* [What you will do] The pictures in the listing below are to be skipped, while the lines between the line holding "Firmenbrief Herrman Jeremias" and the line holding "图 9:第五轮主动学习中 Enki、REINVENT", inclusive, are to be output exactly.

* [Supplied entries]
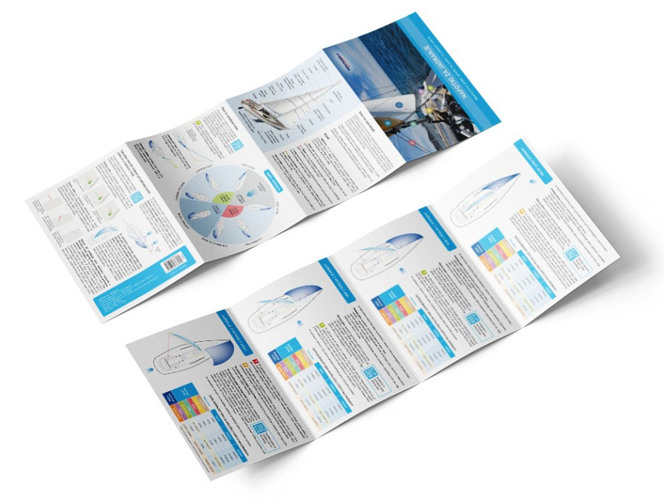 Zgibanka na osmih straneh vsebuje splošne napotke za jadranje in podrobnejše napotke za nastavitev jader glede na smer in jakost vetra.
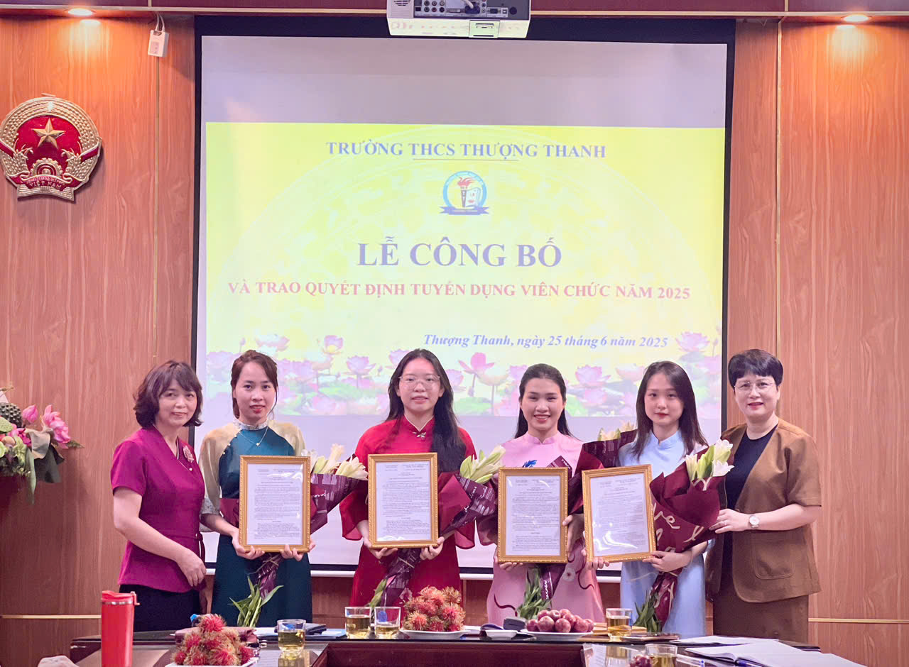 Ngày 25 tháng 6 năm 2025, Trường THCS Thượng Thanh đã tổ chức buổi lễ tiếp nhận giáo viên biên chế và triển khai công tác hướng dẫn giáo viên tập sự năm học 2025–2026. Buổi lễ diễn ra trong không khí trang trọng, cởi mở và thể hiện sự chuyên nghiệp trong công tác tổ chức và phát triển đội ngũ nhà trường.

---

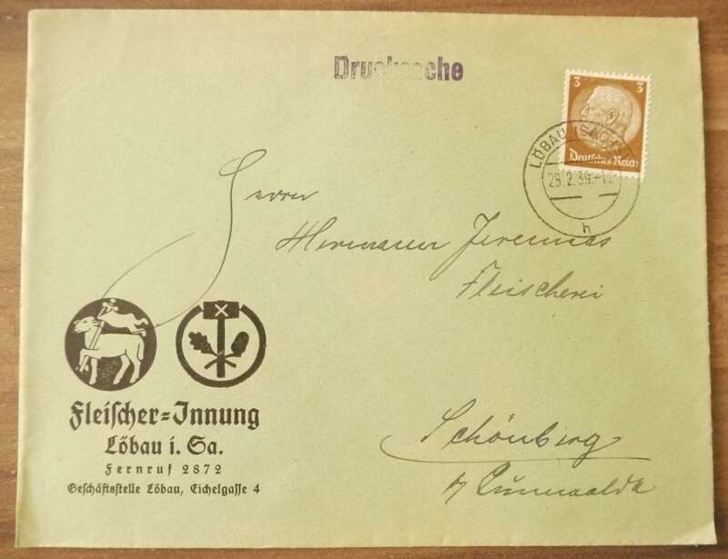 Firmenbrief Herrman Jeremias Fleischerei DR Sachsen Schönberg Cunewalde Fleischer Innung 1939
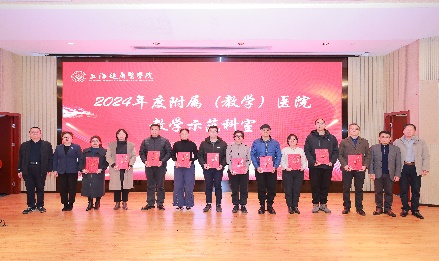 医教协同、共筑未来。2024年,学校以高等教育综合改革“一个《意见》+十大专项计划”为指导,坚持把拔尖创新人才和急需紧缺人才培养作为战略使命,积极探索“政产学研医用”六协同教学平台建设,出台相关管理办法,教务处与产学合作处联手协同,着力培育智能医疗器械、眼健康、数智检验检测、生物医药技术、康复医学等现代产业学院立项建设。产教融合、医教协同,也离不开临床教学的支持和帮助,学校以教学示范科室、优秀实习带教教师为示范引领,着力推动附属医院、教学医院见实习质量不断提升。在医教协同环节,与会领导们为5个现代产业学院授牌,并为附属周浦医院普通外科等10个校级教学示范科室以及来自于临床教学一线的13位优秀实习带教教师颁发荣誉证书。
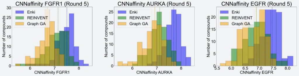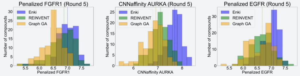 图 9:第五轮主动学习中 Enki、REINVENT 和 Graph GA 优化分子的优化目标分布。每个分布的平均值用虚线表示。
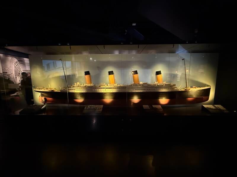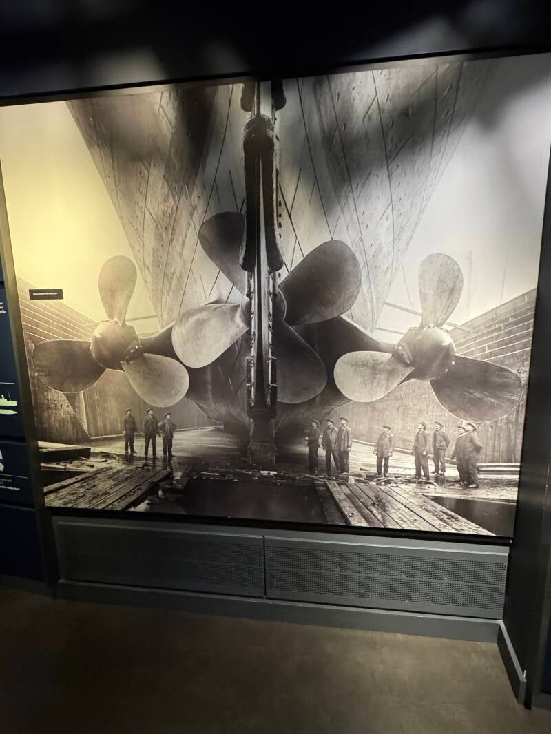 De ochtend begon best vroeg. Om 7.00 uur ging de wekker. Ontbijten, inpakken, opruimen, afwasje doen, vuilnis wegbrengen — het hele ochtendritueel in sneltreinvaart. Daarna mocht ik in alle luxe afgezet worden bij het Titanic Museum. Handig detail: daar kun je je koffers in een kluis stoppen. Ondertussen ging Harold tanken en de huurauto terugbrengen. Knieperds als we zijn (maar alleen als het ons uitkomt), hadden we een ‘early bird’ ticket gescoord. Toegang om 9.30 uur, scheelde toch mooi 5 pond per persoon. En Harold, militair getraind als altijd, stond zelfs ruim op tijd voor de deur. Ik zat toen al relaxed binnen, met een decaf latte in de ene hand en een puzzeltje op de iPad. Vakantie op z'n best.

* [Task output]
 Firmenbrief Herrman Jeremias Fleischerei DR Sachsen Schönberg Cunewalde Fleischer Innung 1939
 医教协同、共筑未来。2024年,学校以高等教育综合改革“一个《意见》+十大专项计划”为指导,坚持把拔尖创新人才和急需紧缺人才培养作为战略使命,积极探索“政产学研医用”六协同教学平台建设,出台相关管理办法,教务处与产学合作处联手协同,着力培育智能医疗器械、眼健康、数智检验检测、生物医药技术、康复医学等现代产业学院立项建设。产教融合、医教协同,也离不开临床教学的支持和帮助,学校以教学示范科室、优秀实习带教教师为示范引领,着力推动附属医院、教学医院见实习质量不断提升。在医教协同环节,与会领导们为5个现代产业学院授牌,并为附属周浦医院普通外科等10个校级教学示范科室以及来自于临床教学一线的13位优秀实习带教教师颁发荣誉证书。
 图 9:第五轮主动学习中 Enki、REINVENT 和 Graph GA 优化分子的优化目标分布。每个分布的平均值用虚线表示。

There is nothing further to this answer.